Now the key idea is that an autonomous system is simply “a group of networks under single administration”. There’s nothing in BGP or any other protocol that places any limitations on the internal topology of an AS and connectivity between its parts. In fact, there may not be direct connection between its parts at all.

To ensure that the service provided by the 192.0.2.100 server will remain available even if that site fails, we can setup another server and another router at a different site and configure them in exactly the same way.

anycast AS with two sites

The BGP table of the client router will not change at all, it will remain completely unaware of any change at all, much less of the unusual configuration. The routers of AS64700 and AS64800 will now have two different paths to 192.0.2.100, one directly connected and nother one through each other (assuming they are peering with each other), but by looking at show ip bgp output there’s still no way to find out if it’s anycast or the sites of AS64600 have a direct connection between each other that is invisible to us.
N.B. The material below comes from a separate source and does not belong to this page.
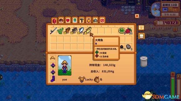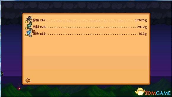 游戏第三天必定下雨,所以,前一天到家尽量把第二天的东西准备好,最好还能砍50个木头,第三天肯定要带箱子去了。第三天可是重头戏——鲶鱼。金星钓鱼一只是300金,加钓鱼技能25%,一只是375金。鲶鱼在哪钓?我建议在莉亚家下面那钓,河够宽,还经常出现涟漪。这里出4种鱼:鲶鱼,西鲱,鲢鱼,鳊鱼。鳊鱼比较便宜是下午6点以后才出现。感觉第三天是最难钓的一天,第三天钓完,钓鱼基本可以到8级了。以后再碰见鲶鱼,绿条好长,基本不怕它。如果第三天鲶鱼成功钓起来的几率能有80%以上,那就可以脱离萌新,当大师了!

At the network layer, it all looks like anycast.

Apart from redundancy, anycast provides transparent load balancing. Since BGP routers will use the shortest path, they will automatically choose the site closest to them, in terms of AS path anyway.

However, lack of any distinction from unicast at the network level is a double edged sword. While it means no special configuration of clients of servers is required to get the routing and load balancing to work, it also means there is no way to control which site receives client traffic, or even a guarantee that all requests from the same client will be received by the same site. For this reason anycast is best suited for stateless services such as DNS, or web servers with static content (CDNs), and it still needs a way to keep those servers synchronized. Despite its limitations, it’s still a very valuable tool though, definitely good enough to maintain high availability of critical components of the Internet infrastructure such as DNS root servers.